*AVAILABLE RECORDS*.
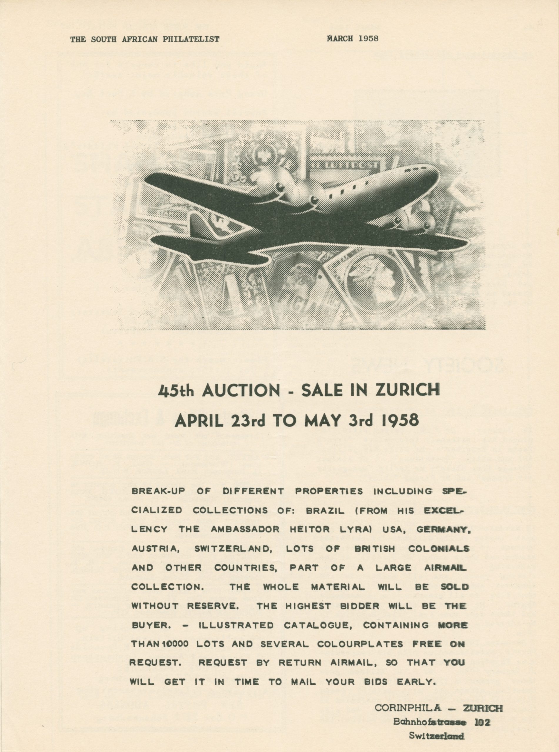 For those of you who do not know of Corinphilia, here is a full page ad they placed the the South African Philatelist in March 1958, 67 years ago.
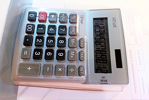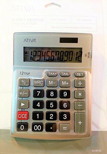-. Feature : 12 Digit Desktop Calculator. / 3-Key memory. / Tax functions. / Percent, +/- and backspace functions. / Angled Display, Double Cero (00), Dual Power - Solar & Batery.
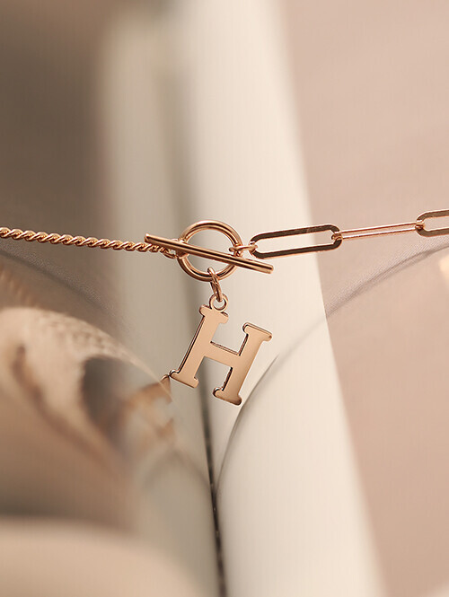 • 토글바 장식과 영문 이니셜이 딸랑이는 믹스 체인 발찌
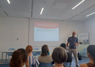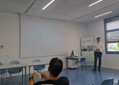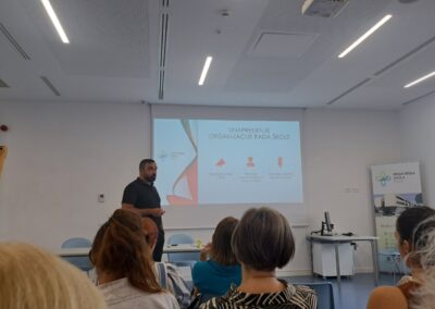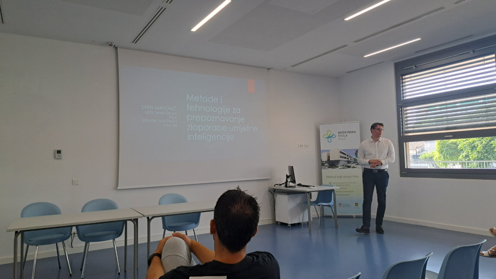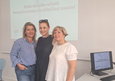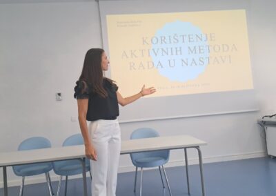 Korištenje tehnologije i nastavi tema je kojoj je bio posvećen treći dan edukacija. Strukovna nastavnica naše škole Danijela Panić, Sven Maričić s Medicinskog fakultete u Rijeci i Erik Nedeljković sa Sveučilišta Jurja Dobrile u Puli prezentirali su Primjenu aplikacije „Igram se i učim“ u nastavi. Uslijedila su predavanja naših djelatnika, profesorice biologije Petre Prenz Smjernice u primjeni tehnologije u nastavnom procesu i profesora engleskog jezika Svena Matovića Metode i tehnologije za prepoznavanje zloporabe AI-a (Chat GPT-ja) u nastavi.
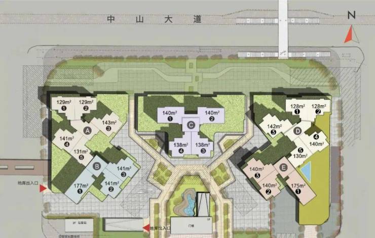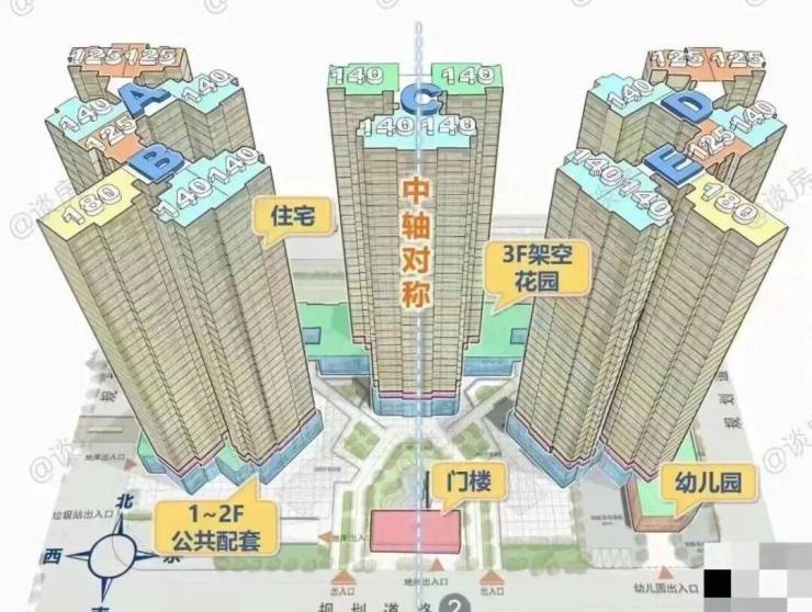 项目总共5栋楼,A栋和B栋、D栋和E栋是两栋并在一起的。由于紧挨着骏景花园,南向视野被遮挡,可能要25-26楼以上才能开阔点,北向的就受中山大道噪音影响,看着城中村。
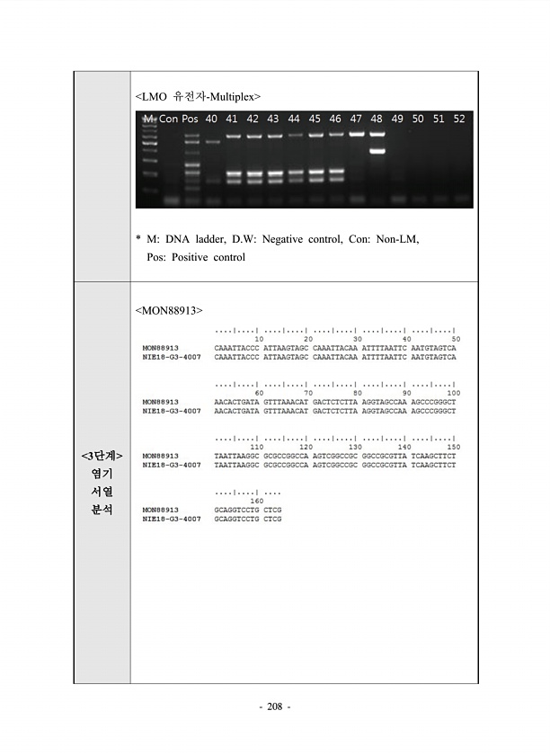 208 LMO 유전자-Multiplex * MDNA ladder, D.WNegative control, ConNon-LM, PosPositive control 3단계 염기 서열 분석 MON88913
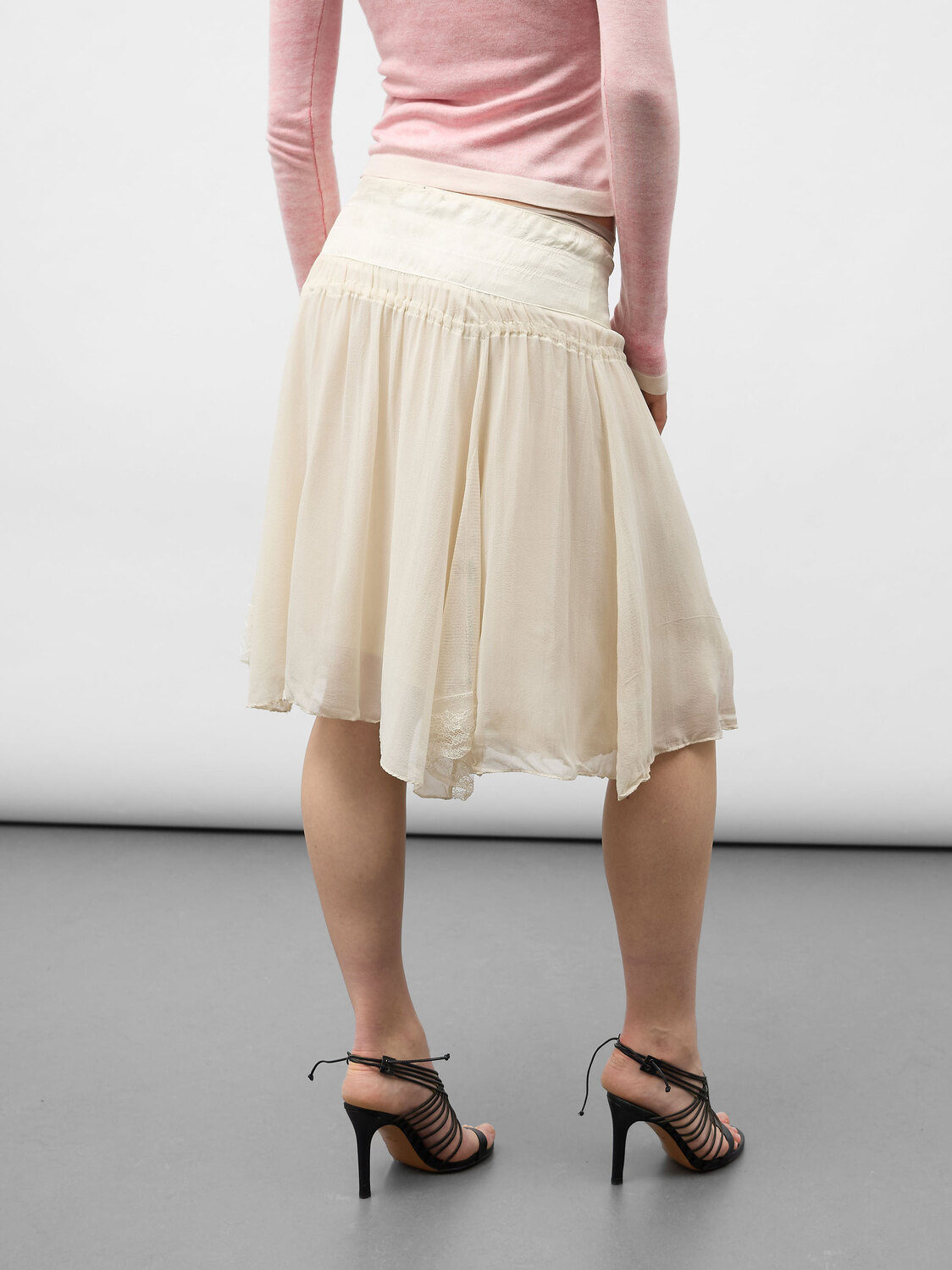 Cream chiffon pleated skirt with lace details and ties. Distressed effect. Concealed zipper closure on the side. Satin lining.
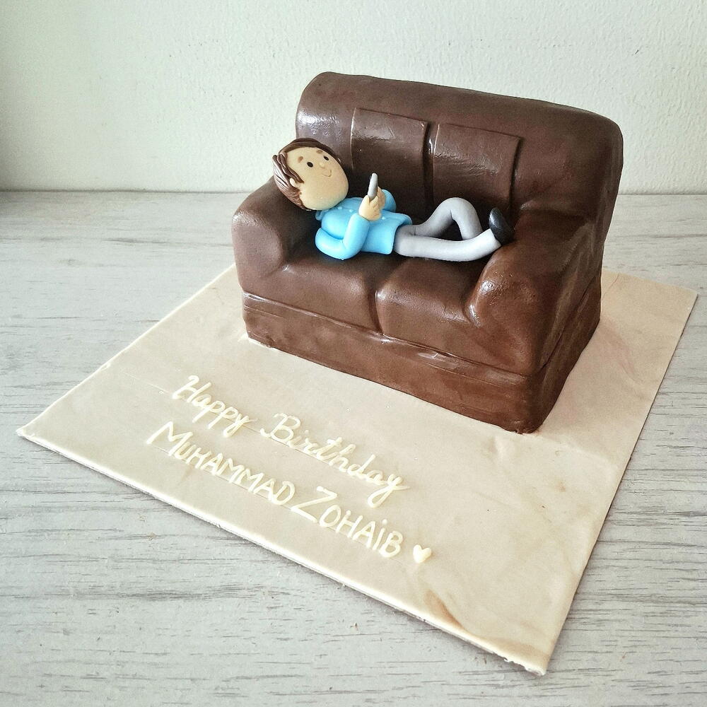 El pastel Hombre en el sofá es un diseño temático de sofá, hilarante y muy detallado, que transmite pura relajación. Perfecto para cumpleaños, el Día del Padre o sorpresas solo por diversión, este pastel garantiza risas y recuerdos deliciosos. Rinde para 6-8
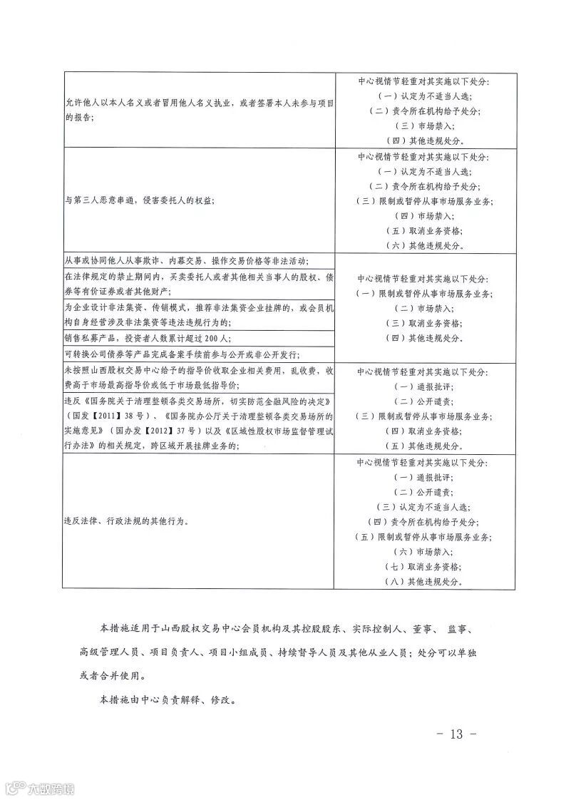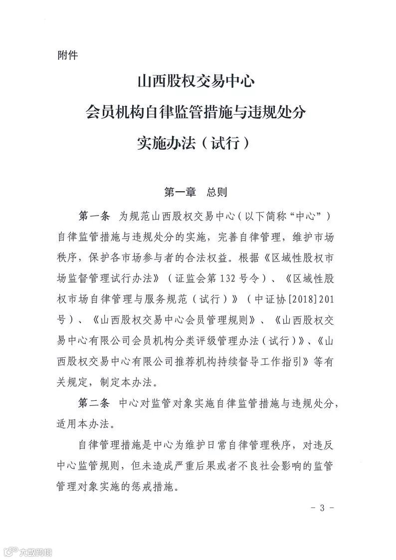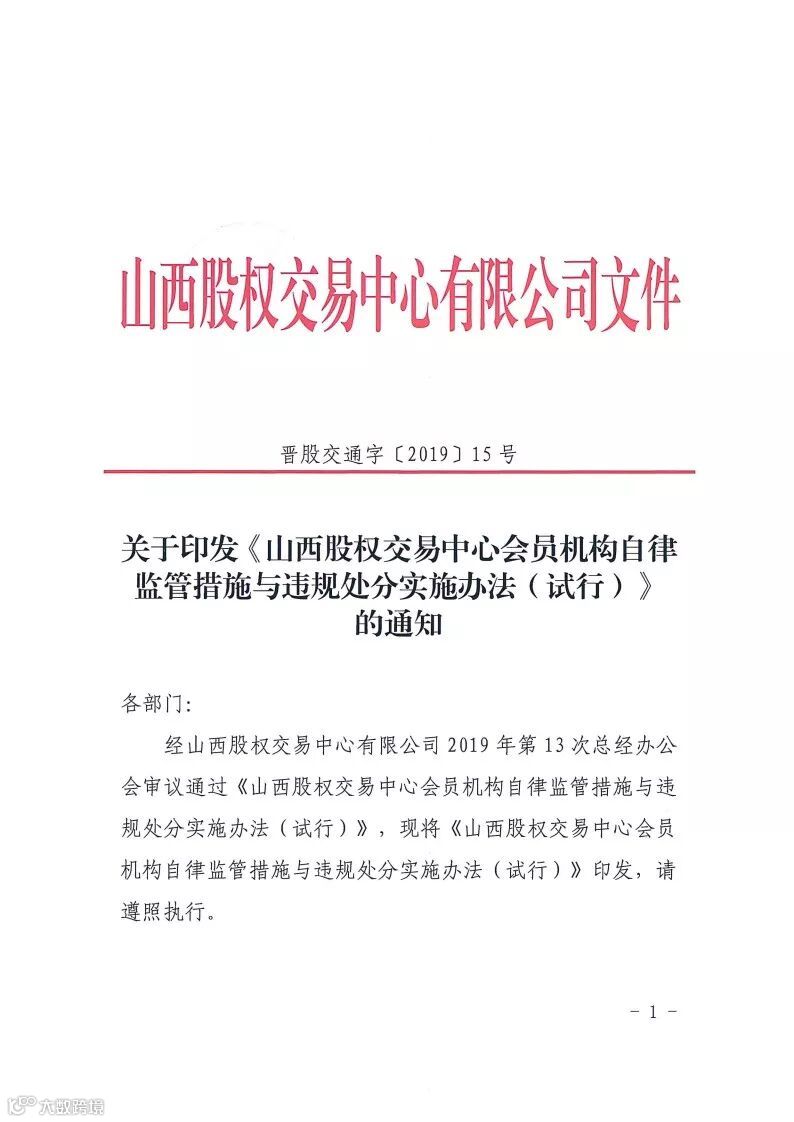 关于印发《山西股权交易中心会员机构自律监管措施与违规处分实施办法(试行)》的通知

*WHAT IS BEING ASKED*. With the images removed, write out all of the material above exactly.

*TASK RESPONSE*.
 For those of you who do not know of Corinphilia, here is a full page ad they placed the the South African Philatelist in March 1958, 67 years ago.
-. Feature : 12 Digit Desktop Calculator. / 3-Key memory. / Tax functions. / Percent, +/- and backspace functions. / Angled Display, Double Cero (00), Dual Power - Solar & Batery.
 • 토글바 장식과 영문 이니셜이 딸랑이는 믹스 체인 발찌
 Korištenje tehnologije i nastavi tema je kojoj je bio posvećen treći dan edukacija. Strukovna nastavnica naše škole Danijela Panić, Sven Maričić s Medicinskog fakultete u Rijeci i Erik Nedeljković sa Sveučilišta Jurja Dobrile u Puli prezentirali su Primjenu aplikacije „Igram se i učim“ u nastavi. Uslijedila su predavanja naših djelatnika, profesorice biologije Petre Prenz Smjernice u primjeni tehnologije u nastavnom procesu i profesora engleskog jezika Svena Matovića Metode i tehnologije za prepoznavanje zloporabe AI-a (Chat GPT-ja) u nastavi.
 项目总共5栋楼,A栋和B栋、D栋和E栋是两栋并在一起的。由于紧挨着骏景花园,南向视野被遮挡,可能要25-26楼以上才能开阔点,北向的就受中山大道噪音影响,看着城中村。
 208 LMO 유전자-Multiplex * MDNA ladder, D.WNegative control, ConNon-LM, PosPositive control 3단계 염기 서열 분석 MON88913
 Cream chiffon pleated skirt with lace details and ties. Distressed effect. Concealed zipper closure on the side. Satin lining.
 El pastel Hombre en el sofá es un diseño temático de sofá, hilarante y muy detallado, que transmite pura relajación. Perfecto para cumpleaños, el Día del Padre o sorpresas solo por diversión, este pastel garantiza risas y recuerdos deliciosos. Rinde para 6-8
 关于印发《山西股权交易中心会员机构自律监管措施与违规处分实施办法(试行)》的通知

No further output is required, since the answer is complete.